You're using it for Knockout, but hypothetically the new meaning is different. When you change the inline CSS on one element, it should change it on another element based on a selector in the bind attribute.
There's a reason to respect standards and use private (e.g. data-) or vendor-specific prefixes.
I know this question is old but I had the same question as Fred. I found the answer and I wanted to share it. There is no practical reason not to use an arbitrary attribute name other than what was mentioned in another answer. That is a vendor or browser maker may decide to use the name for something else.
It is however not allowed in the spec, kind-of, while the spec does read that arbitrary attribute names should not be used, there is nothing preventing their use. This is like the US Code for Displaying a flag, it's a set of rules but no way to enforce it.
Contrast this to a rule that is enforced such as a single body tag within an html document, etc. and you can realize that there is nothing enforcing using arbitrary names for attributes.
So what remains is why should you not use arbitrary attribute names?
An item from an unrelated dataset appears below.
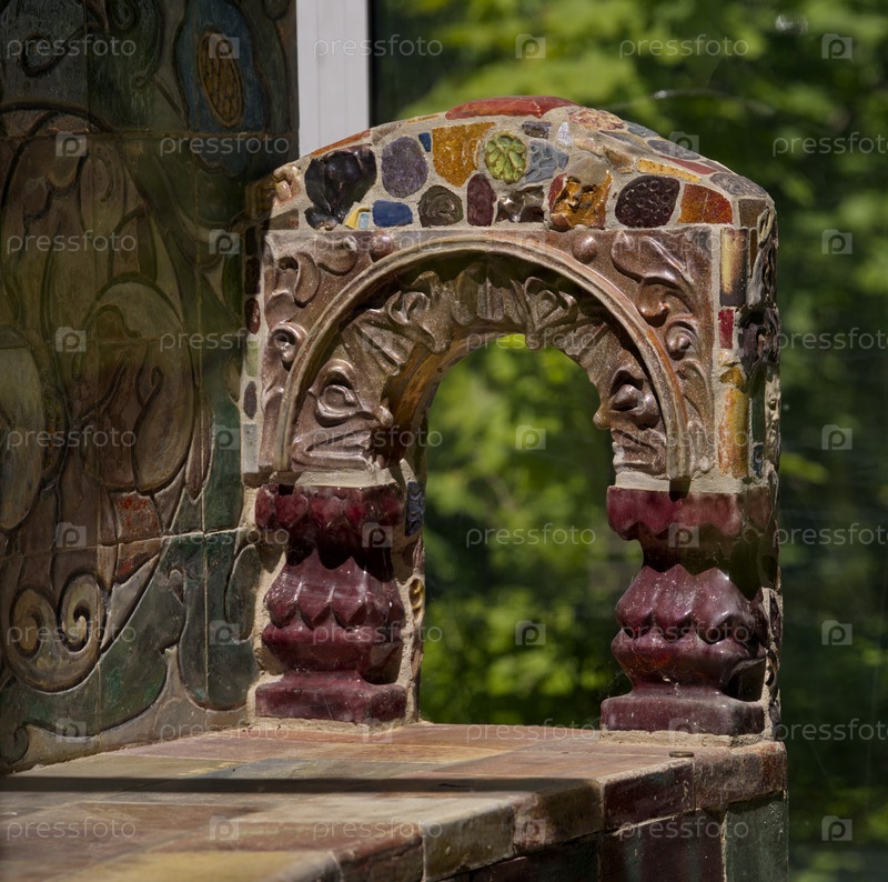 Абрамцево, Россия 9 июня 2022 года Фрагмент знаменитой мозаичной скамьи Врубеля в стиле майолики на территории музея-усадьбы под открытым небом

Since it will not pass the W3 html validator, it can be argued that societal pressure may increase to the point that your code will not be acceptable. For example, SEO may suffer, a future employer may not like sloppy code, etc.
I certainly became embarrassed as I make liberal use of arbitrary attribute names to pass data. Something that I will stop immediately. I am now convinced that using the data-* attribute will make my code easier to read, easier to maintain and clean enough for peer review.